Monday, October 10, 2005

The cat...

is stretched out along my leg here in bed, and she is purring and warm, and it just might be time to sleep, finally.

on responding to student work and still having time to breathe

Remember our talk about rubrics and being very clear in an assignment what the goals of the assignment are?
The purposes of using rubrics and being very clear about an assignment's goals are for your benefit as well as for students' benefit.

When you make clear to students the goals of an assignment, you are helping them understand what it is they are to learn. This not only helps them focus clearly on what matters in an assignment, but helps you help them develop the metalanguage that is necessary for reflection on learning and hence necessary for learning itself. When students cannot only demonstrate that they can (for example) do a rhetorical analysis of a speech but can also state what the qualities of a solid analysis are, then they can choose awarely to use the tools of rhetorical analysis in the future. Also, when you state very clearly the goals of an assignment -- and tie your responses and grading to those goals -- you are being fair to students: you are letting them know that you will not base their grade on something they didn't know they were supposed to attend to.

When you make clear to students the goals of an assignment, then how well they achieved those goals is all you need comment on. Really.

You can stick to commenting on what is in your rubric, what you specified in the assignment. You can use the rubric to figure out grades, as we discussed back in Orientation, if you are grading individual assignments: each column in a rubric has a numeric equivalent, and you average out the numbers to get the grade. (Students here at Tech, as you may have noticed, often like numerically determined grades.)

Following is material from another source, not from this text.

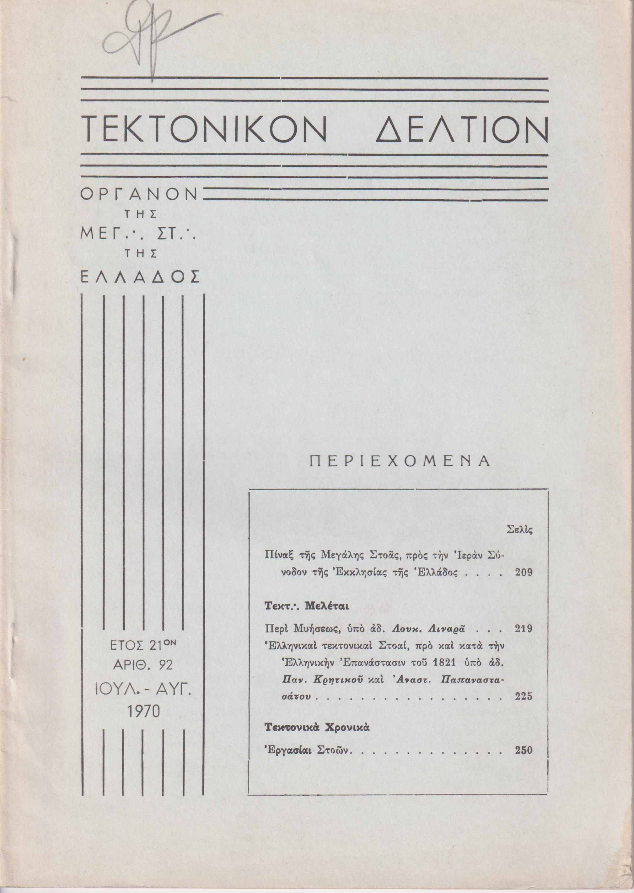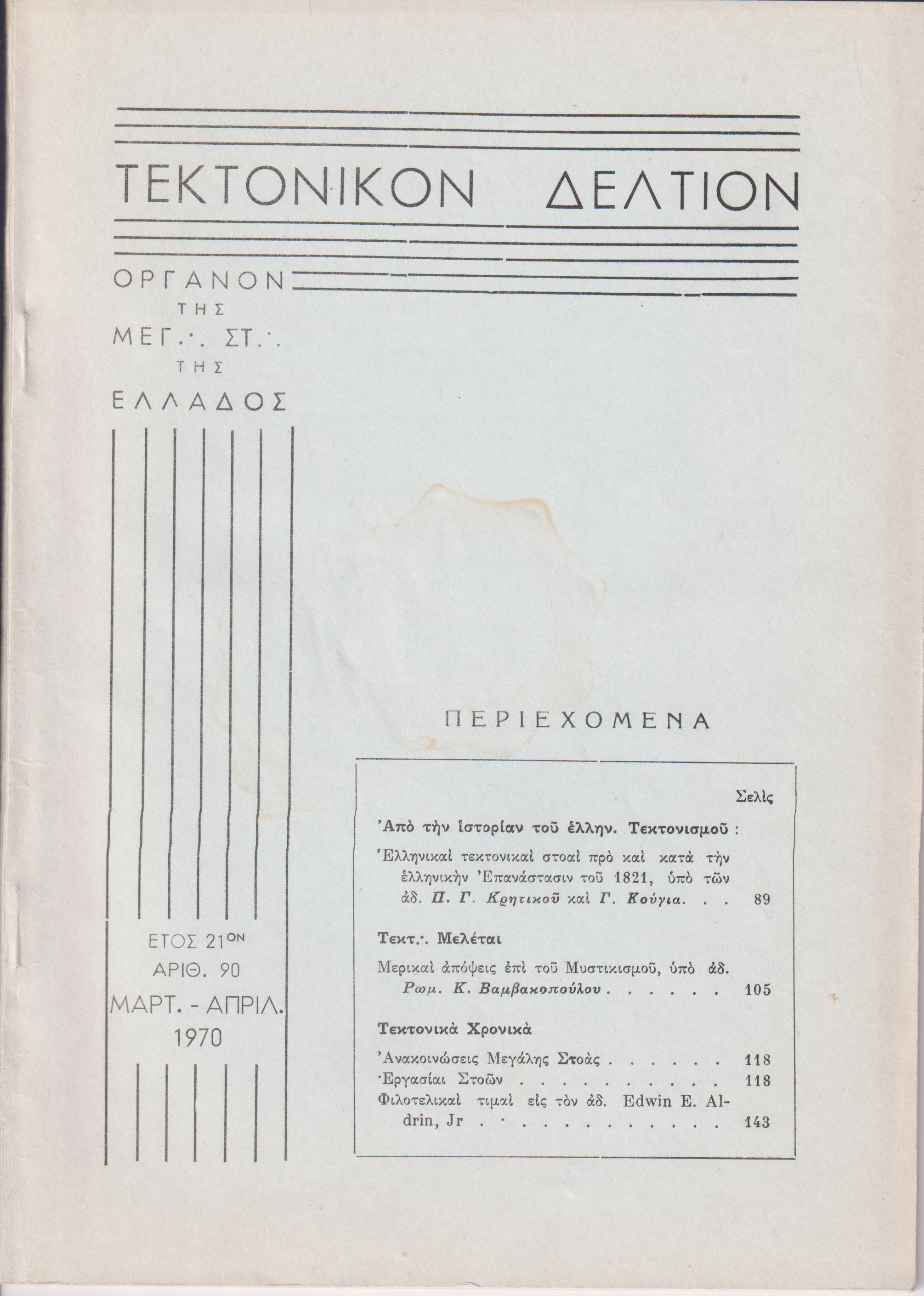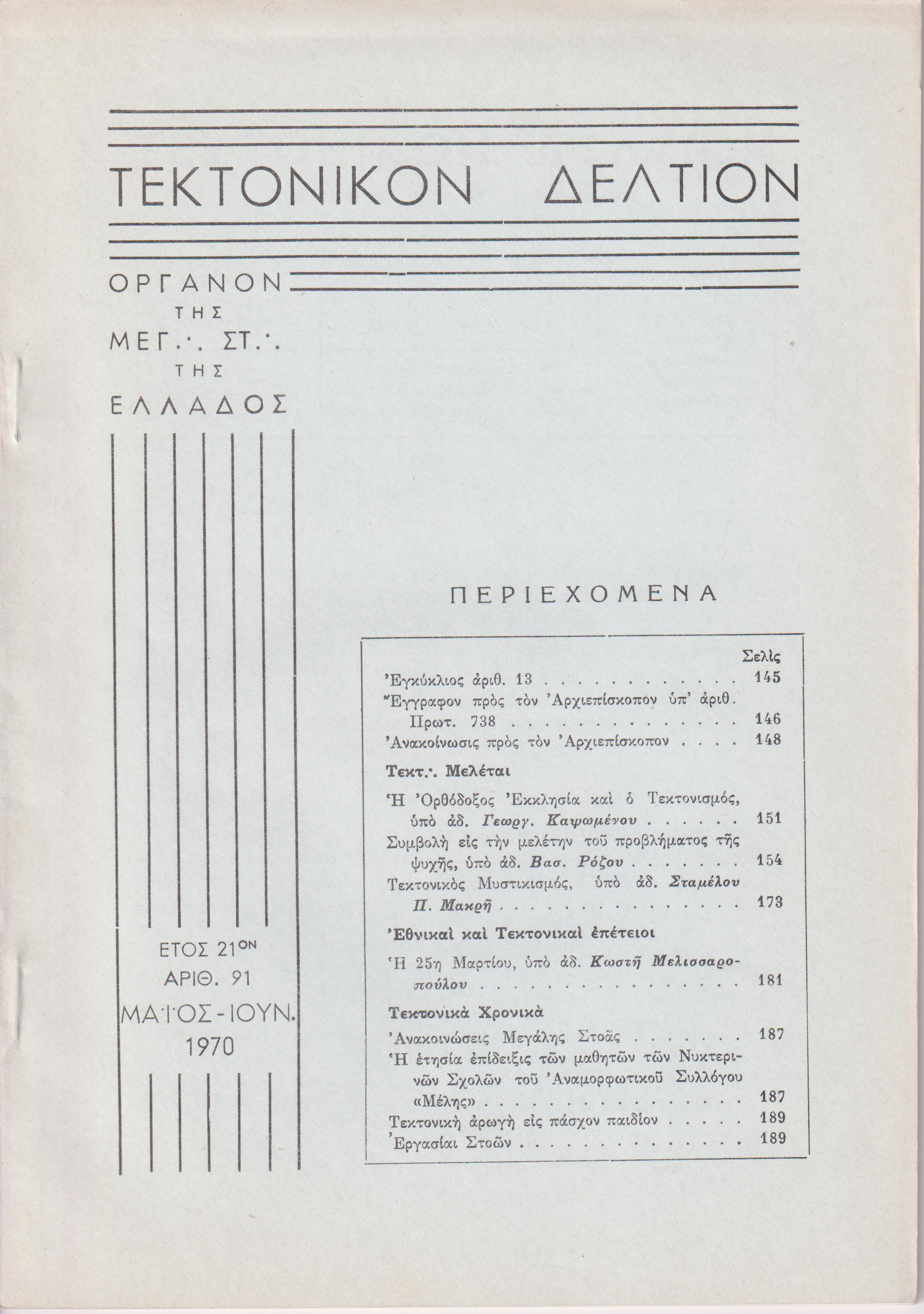 ΤΕΚΤΟΝΙΚΟΝ ΔΕΛΤΙΟΝ, 1970, έτος 21ον, ΄Οργανον της Μεγάλης Στοάς της Ελλάδος. Υπεύθυνος:  Ε. ΜΑΚΡΥΜΙΧΑΛΟΣ. Συντακτ. Επιτροπή: Π. Γ. ΚΡΗΤΙΚΟΣ, Ν. ΜΗΛΙΩΡΗΣ, Φ. ΦΑΛΜΠΟΣ, Α. ΖΕΡΒΟΥΔΑΚΗΣ, Ξ. ΧΑΤΖΗΣΑΡΑΝΤΟΣ. Αθήναι 1970, 8ο, σελ. 408,  αρ.89[Ιαν.-Φεβρ. 1970, σελ. 88], αρ. 90[Μάρτ.-Απρίλ. 1970, σελ. 88-144], αρ. 91[Μάϊος-Ιούν. 1970, σελ. 145-208], αρ. 92[Ιούλ.-Αύγ. 1970, σελ. 209-272], αρ. 93[Σεπτ.-Οκτ. 1970, σελ. 273-329], αρ. 94[Νοέμ..-Δεκ. 1970, σελ. 329-408]. ΠΛΗΡΕΣ ΕΤΟΣ. Σύνολον 6 τεύχη με τα εξώφυλλά τους.

And when you use rubrics, you can use a filled-out set to focus on attending to the class's learning. By looking across the patterns of rubric feedback, you can ask: Was most of the class able to learn what you hoped? To what depth? What do you need to continue to emphasize? What can you depend on them knowing, following an assignment, to carry into the next assignment?

Responding to student work is hard, but it does get easier over time as you develop the habits and phrases that work for you. One way to learn what works is to ask people in your classes to write responses to your feedback. Ask them how they interpret your feedback, and what they see (based on your feedback) they need to focus on in upcoming assignments (or in a revision). Asking them to write such reflective responses helps *them* think about what they need to do in their own learning but also helps *you* learn how students are understanding and benefitting from your hard work.

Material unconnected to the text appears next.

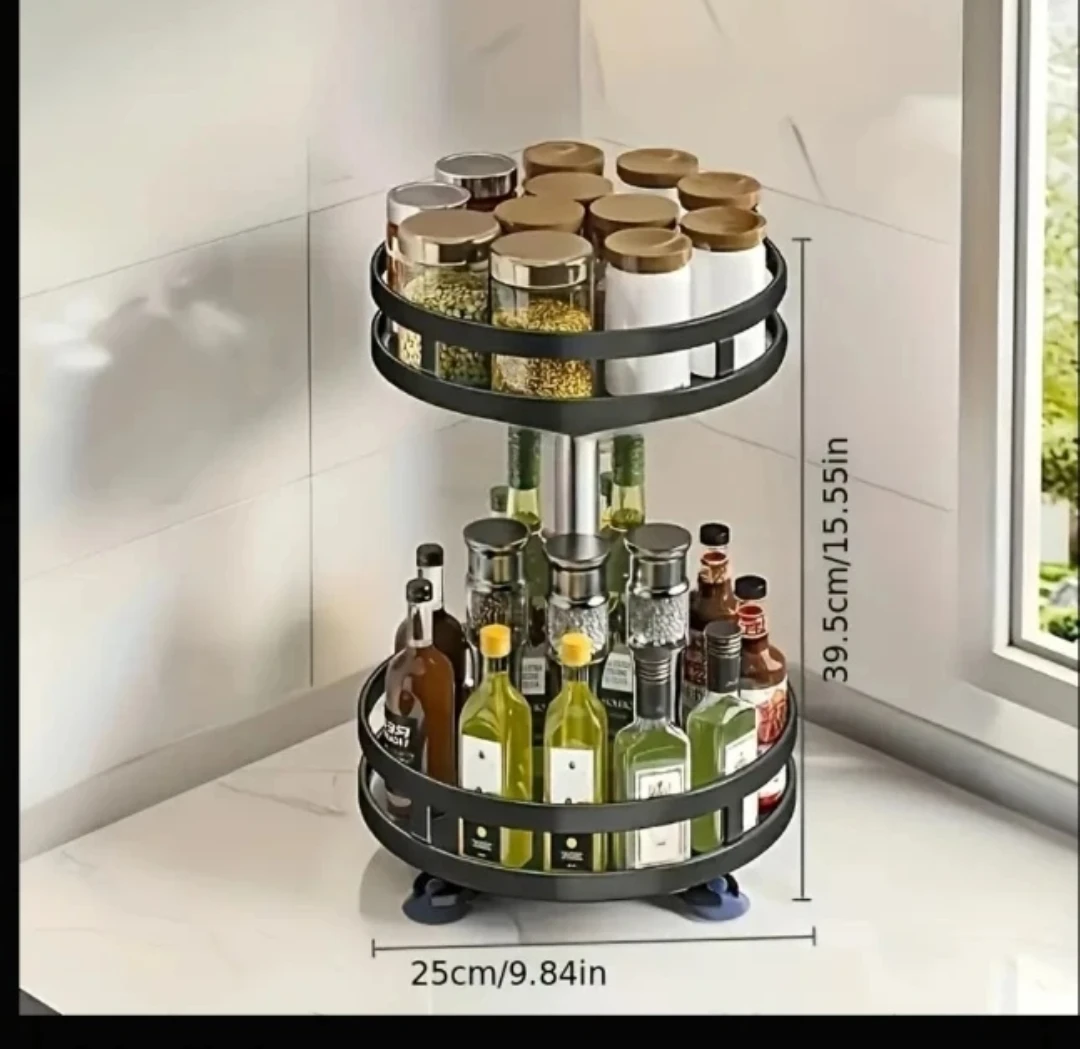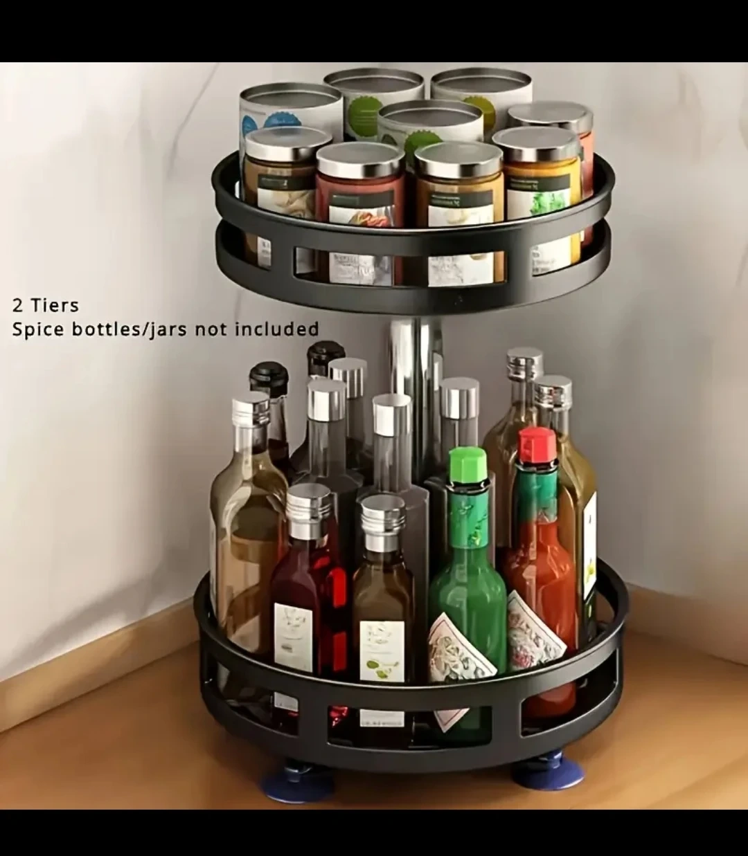 Keep your spices and bottles organized with this 360° rotatable seasoning shelf! It features two tiers and is perfect for seasoning bottles, beverage bottles, canned food, fruits, and snacks. Spice bottles/jars are not included.

how do students come to be...

the people they are? How do we come to be the people we are?

How do we learn to empathize with what is distant in time or place? How do we come to understand material links between the conditions of others and ours?

I am thinking here of Kathryn's observations about a student's response to Katz's essay. How does one grow up to think that the Holocaust has nothing to do with one's current existence? Is it difficult to grow up thinking that? Is it weird to desire one's life to be easy and uncomplicated?

Under what conditions does one grow up to be socially active or to understand that there are connections between, say, the governmental response to Hurricane Katrina (or, say, Hurricane Stan) and job loss in the manufacturing sector?

And what are our responsibilities as teachers of a communications class to persuade students that making these connections -- both in order to empathize and to understand material conditions that cause what we think is evil or bad -- is not only worthwhile but a foundation of a life lived morally with others?